Heh, typing too fast. My 50 HP character has 10 healing surges. He takes damage and then spends a surge. So, now he has 50 HP and 9 (or whatever) surges. His total hit points have been reduced. Conversely, my 200 HP character takes damage and is now down to 190 HP. His total hit points have been reduced.
How do surges remove damage? The difference, as KM points out, is that the second character can only die when he has lost all his HP. The surge character can die with surges remaining - although no active hit points.
And this I can see as a sticking point. I'm not sure how to reconcile that.
Somewhere sort of halfway between 3E and 4E would be:
- Reduce the number of hit points and surges. This probably needs to be done in any case, so no problem there.
- Make death saves not "three strikes and you're out", but "fail the death save, lose a surge--out of surges, you die."
- Finally, the "dial" in this system is that each group can decide to cash in a certain amount of surges permanently, to effectively raise their hit points.
That might not be entirely clear, but what it does is take Firelance's observation about surges to its logical conclusion, and then build in the proper spot to change it by playstyle. Consider a few of the places you can set it. We'll change your example character to 30 hit points and 4 surges, each recovering 20% of hit points:
- You play like 4E with smaller numbers. Use "optional" 4E-style death saves.
- You play sort of like 4E with smaller numbers. Use as written.
- You play like a 4E/3E hybrid with a bit smaller numbers and alternate death save mechanic. You cash in all your surges for hit points except a handful, perhaps 2. The character has 30 x 1.4 = 42 hit points and two surges. You don't need the surges to activate healing, can use them for second wind if you want, but if you hit zero hit points and don't have one left, you die on a failed saving throw.
- You play a lot like 3E. You cash in all the surges, giving 54 hit points, and you use some optional dying rule, base it on -Con value, or whatever makes sense to you. Healing is all resource-based.
- You play like Basic with a bit bigger numbers. You cash in all your surges for hit points. You've got 54 hit points. When they run out, you die. Healing is resource based, and not always readily available.
Those are all very close to balanced with each other, which means that they can be used in the same system together. Where they aren't balanced, you
want the differences. If I pick "sort of 4E emulation," I want it possible that a character can die with surges left, or I use the new standard that death saves cost a surge until you run out. If I pick one of the emulations closer to 3E, I want a big pool of hit points that the characters are expected to manage, hit points are all hit points.
The only difference in this and a more direct 1E, 3E, 4E approach is that it's easier to see how to change it, while still keeping it balanced. It does constrain the design to more hit points than Basic, but less than 3E/4E at the upper end. Otherwise, it will get out of control quickly.
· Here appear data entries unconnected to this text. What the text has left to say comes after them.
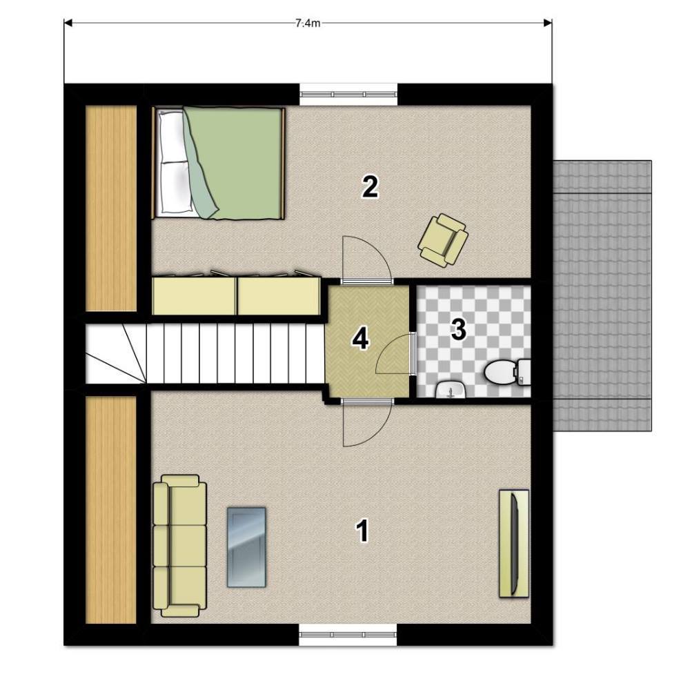 Фасад: деревянные панели 140х16 мм, имитирующие брус, с пазогребневым соединением.
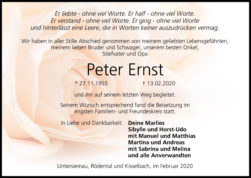 Hier finden Sie alle Traueranzeigen aus der Zeitung, die bisher für Peter Ernst erschienen sind. Weitere Traueranzeigen, die in der Zeitung erscheinen, werden hier ebenfalls aufgelistet
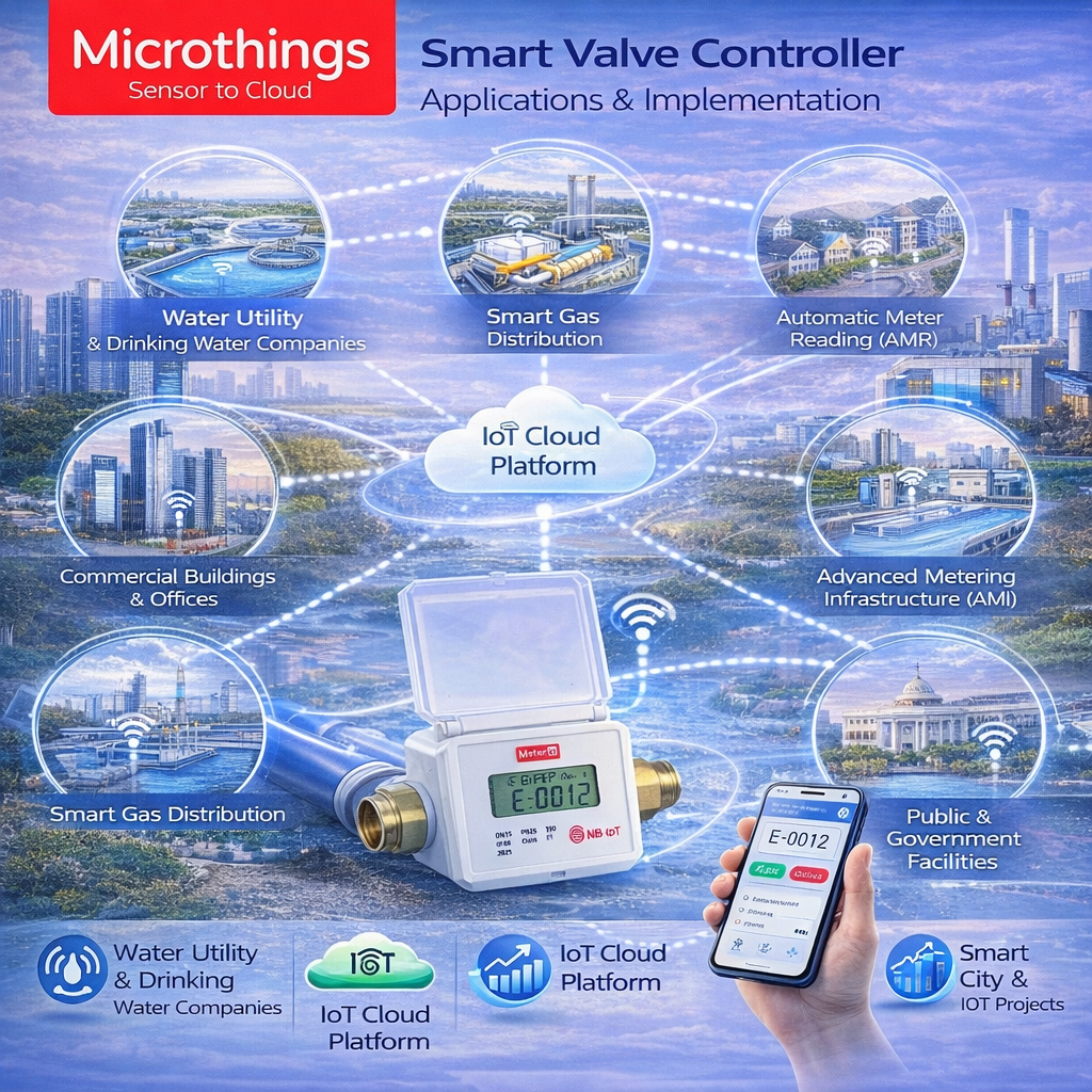 Smart Valve Controller dapat digunakan pada dua skenario utama, yaitu katup independen dan katup penghubung. Perangkat ini umumnya dipasang pada pipa air atau gas untuk mengendalikan aliran cairan maupun gas di dalam pipa. Saat menerima perintah kontrol dari server, perangkat akan menjalankan aksi buka atau tutup katup secara otomatis.
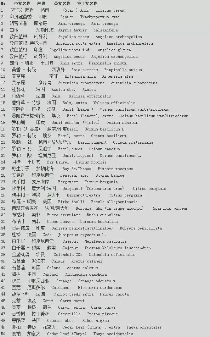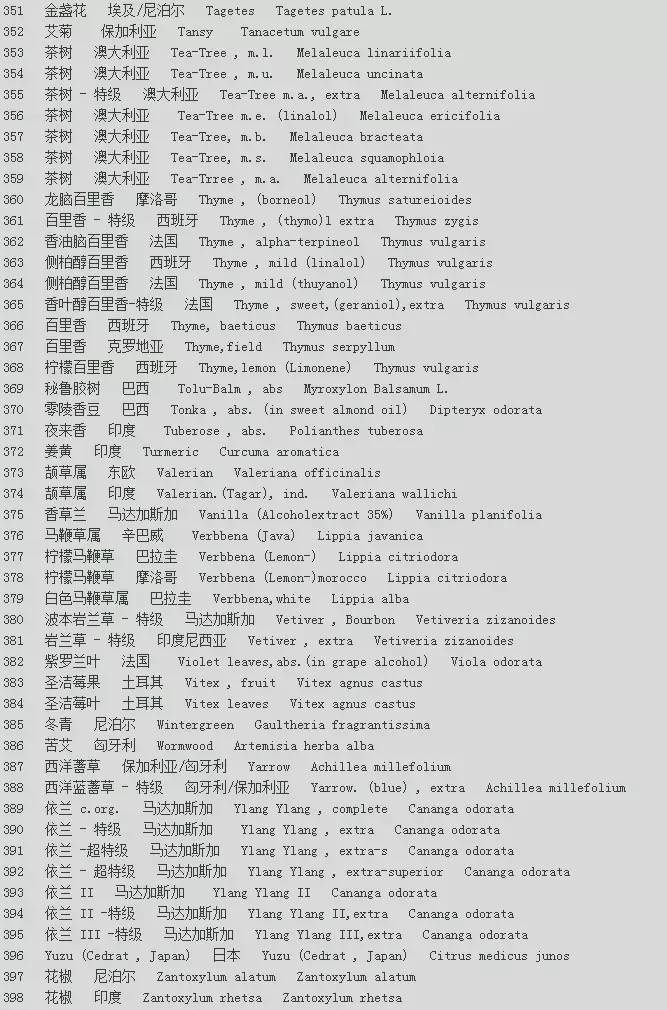 世界各地精油的中文名、英文名、拉丁文名,太詳細啦,收藏吧,方便以后查閱(圖片較多請耐心等候,點擊圖片可放大查看)。
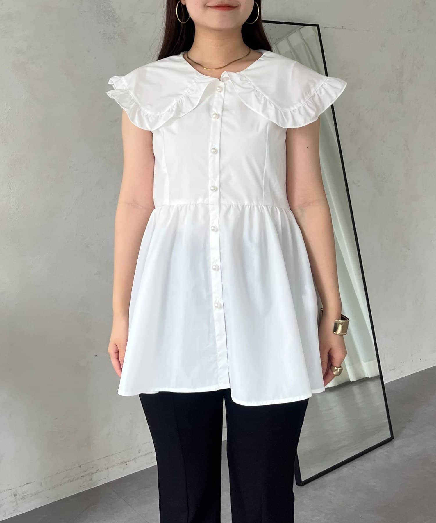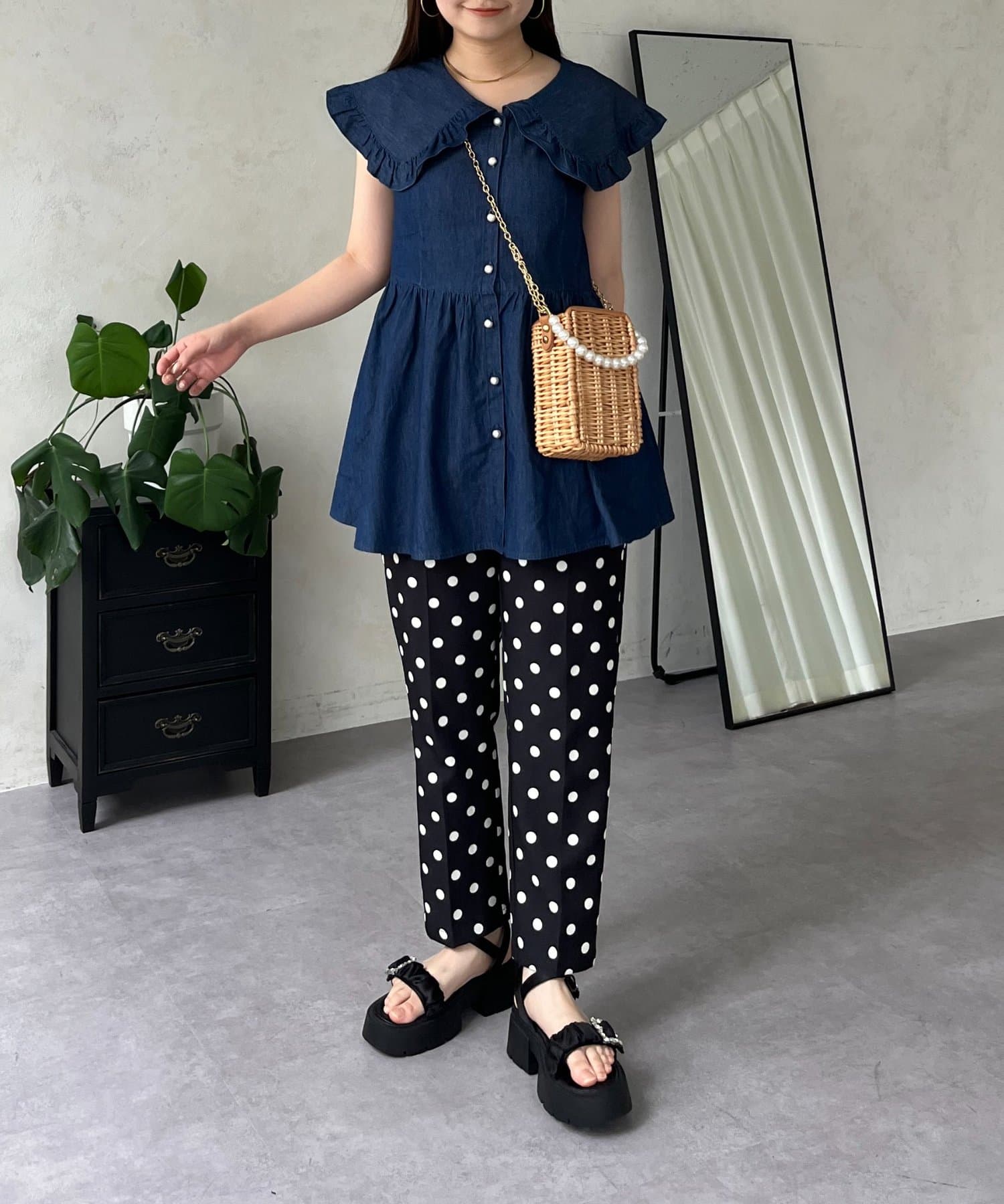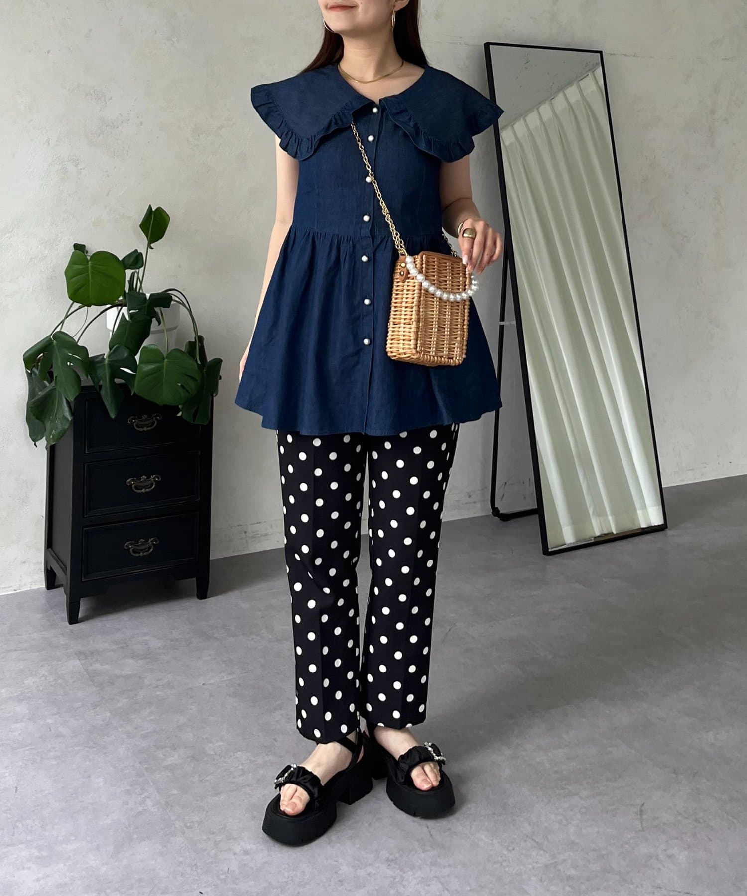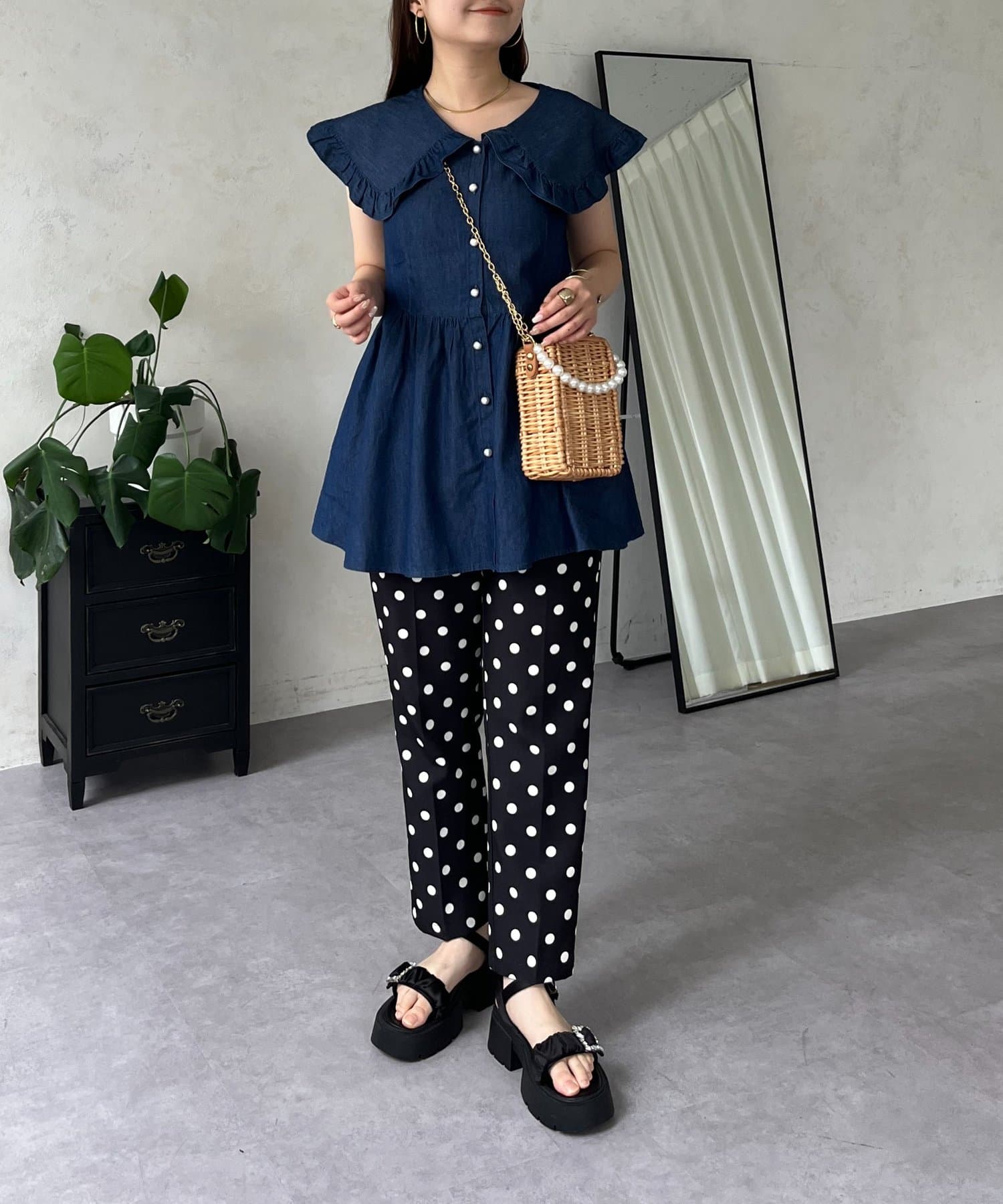 ブラウス/ペプラム/体型カバー/デニム/デカ襟/ビッグ襟

Lastly, I've roughed this out in a way that makes sense from the 3E and then 4E changes, but the exact same math could be presented to make surges less intrusive. Instead of the default being as above, the default is more like Basic D&D--hit points are hit points, die at zero. Then you provide options for different recovery/death save options, and some of those require you to trade some of those hit points in for surges.
The example character has 54 hit points, but if you go with 4E emulation, he has to trade in 24 of those for surges that can recover 6 points each. (Or perhaps you use a slightly different formula to make this easier.)
BTW, there are some rather obvious options for Save or Die that you can build into that model.